Return the data below unchanged, without images.

=== The records ===

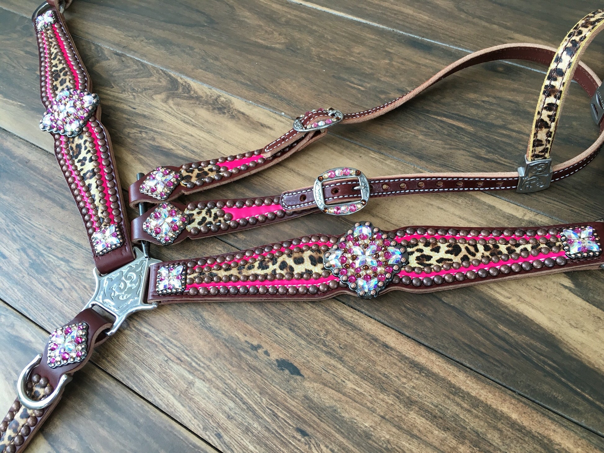 Neon Pink and Cheetah Bridle and Breast collar.
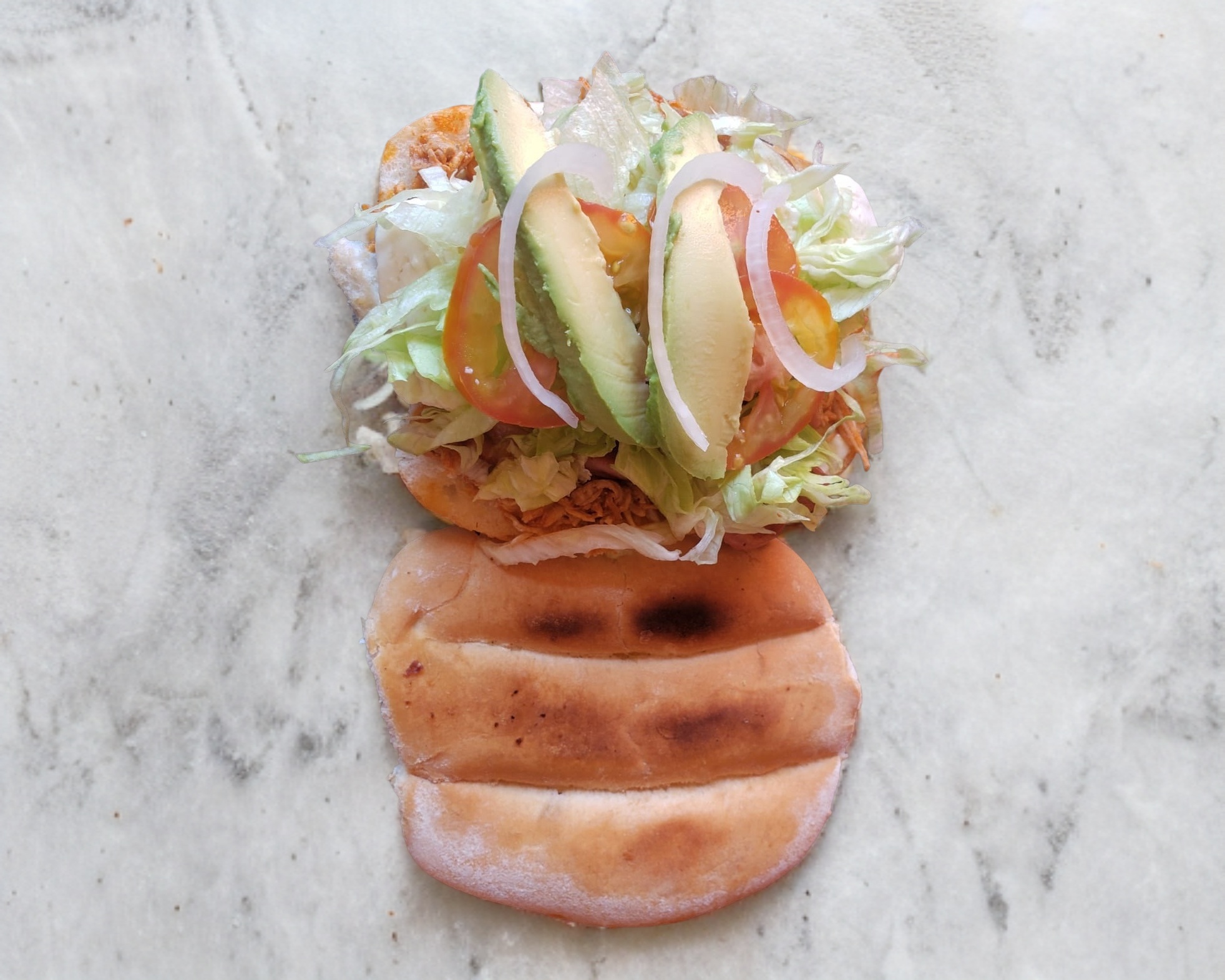 Torta, milanesa de pollo, lechuga, jitomate, cebolla, chile jalapeño, aguacate.
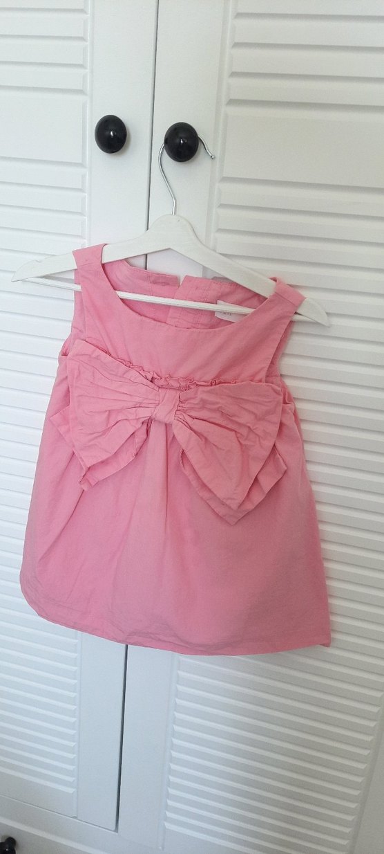 Kız Çocuk Pembe Keten Fiyonklu Elbise
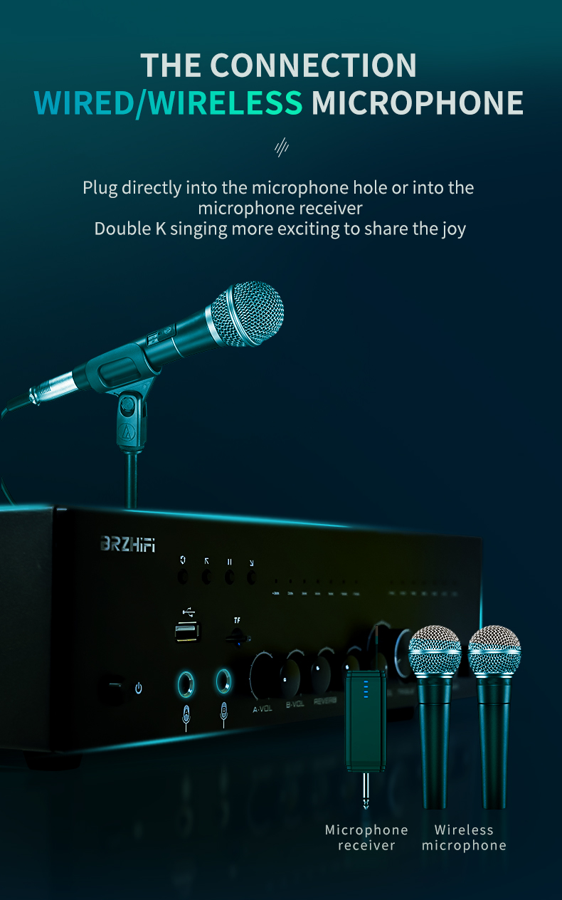 - This amplifier supports wired/wireless microphones, which can be plugged directly into the microphone hole or into the microphone receiver.
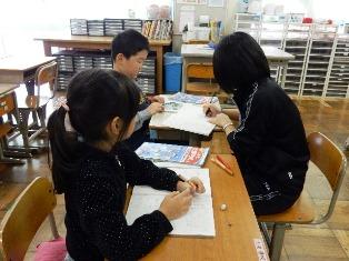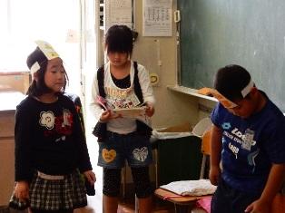 3人一組で行っているのは、「お手紙」の音読劇の発表会

===

# [Solved exercise]
 Neon Pink and Cheetah Bridle and Breast collar.
 Torta, milanesa de pollo, lechuga, jitomate, cebolla, chile jalapeño, aguacate.
 Kız Çocuk Pembe Keten Fiyonklu Elbise
 - This amplifier supports wired/wireless microphones, which can be plugged directly into the microphone hole or into the microphone receiver.
 3人一組で行っているのは、「お手紙」の音読劇の発表会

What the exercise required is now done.